* _SOURCE MATERIAL_:
***

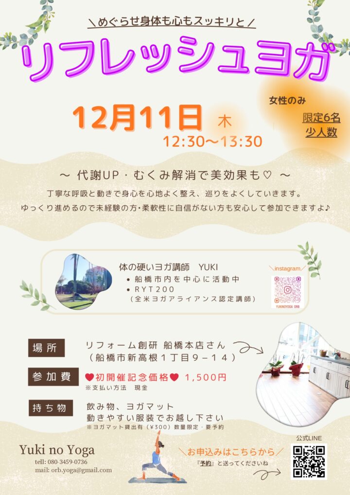 【12/11】 リフレッシュヨガ| リフォーム創研があなたの暮らしを快適にします。
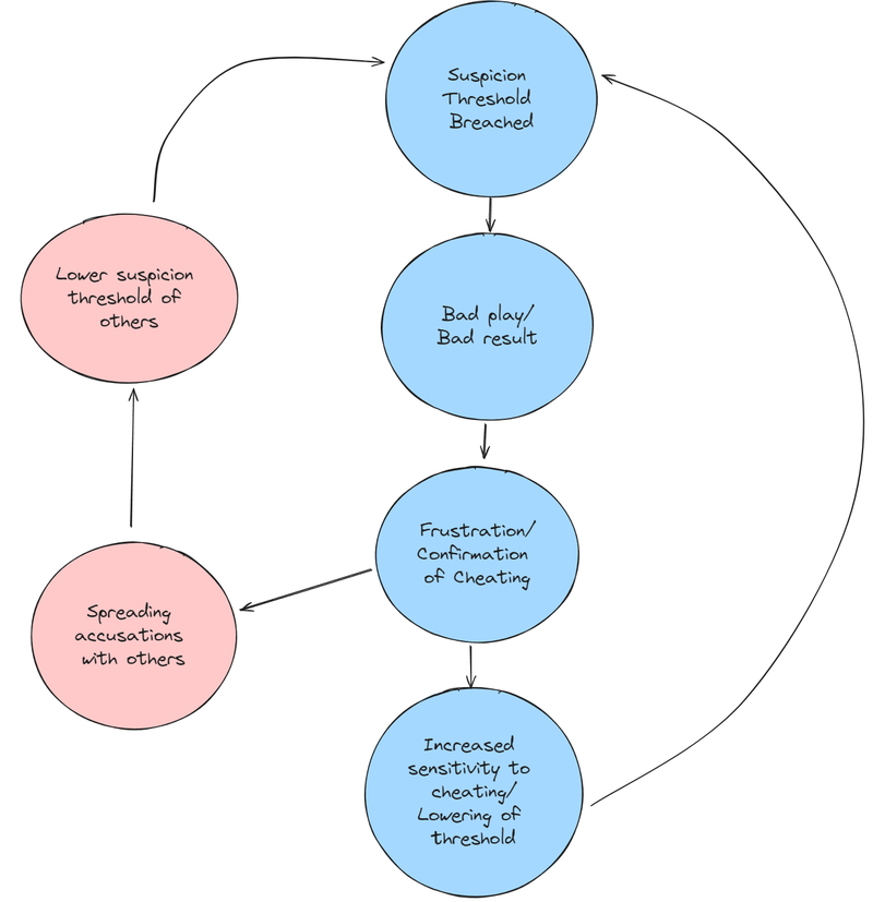 However, I don’t just call this a virus because of its negative effects on the 'host,' so to speak. Rather, this infection also has the propensity to spread. This is because once the player believes their opponent is a cheater, they wish to spread this message to others. By doing so, they make others more sensitive to the possibility of cheaters, thereby lowering their suspicion thresholds. This is especially effective if the person spreading the virus does so via social media, where they have hundreds of thousands to even millions of collective followers (cough cough).
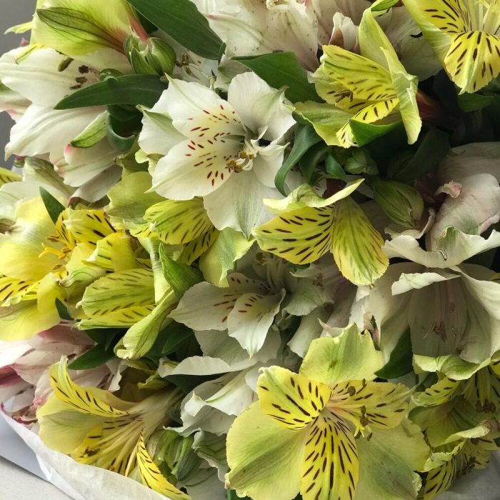 Альстромерия – 11 шт.Лента атласная – 1 шт.Тишью – 1 шт.Корейская пленка – 3 шт.

***

* _TASK DESCRIPTION_:
Nothing but an exact transcription of the material, without pictures, should be returned.

* _RESPONSE TO THE EXERCISE_:
 【12/11】 リフレッシュヨガ| リフォーム創研があなたの暮らしを快適にします。
 However, I don’t just call this a virus because of its negative effects on the 'host,' so to speak. Rather, this infection also has the propensity to spread. This is because once the player believes their opponent is a cheater, they wish to spread this message to others. By doing so, they make others more sensitive to the possibility of cheaters, thereby lowering their suspicion thresholds. This is especially effective if the person spreading the virus does so via social media, where they have hundreds of thousands to even millions of collective followers (cough cough).
 Альстромерия – 11 шт.Лента атласная – 1 шт.Тишью – 1 шт.Корейская пленка – 3 шт.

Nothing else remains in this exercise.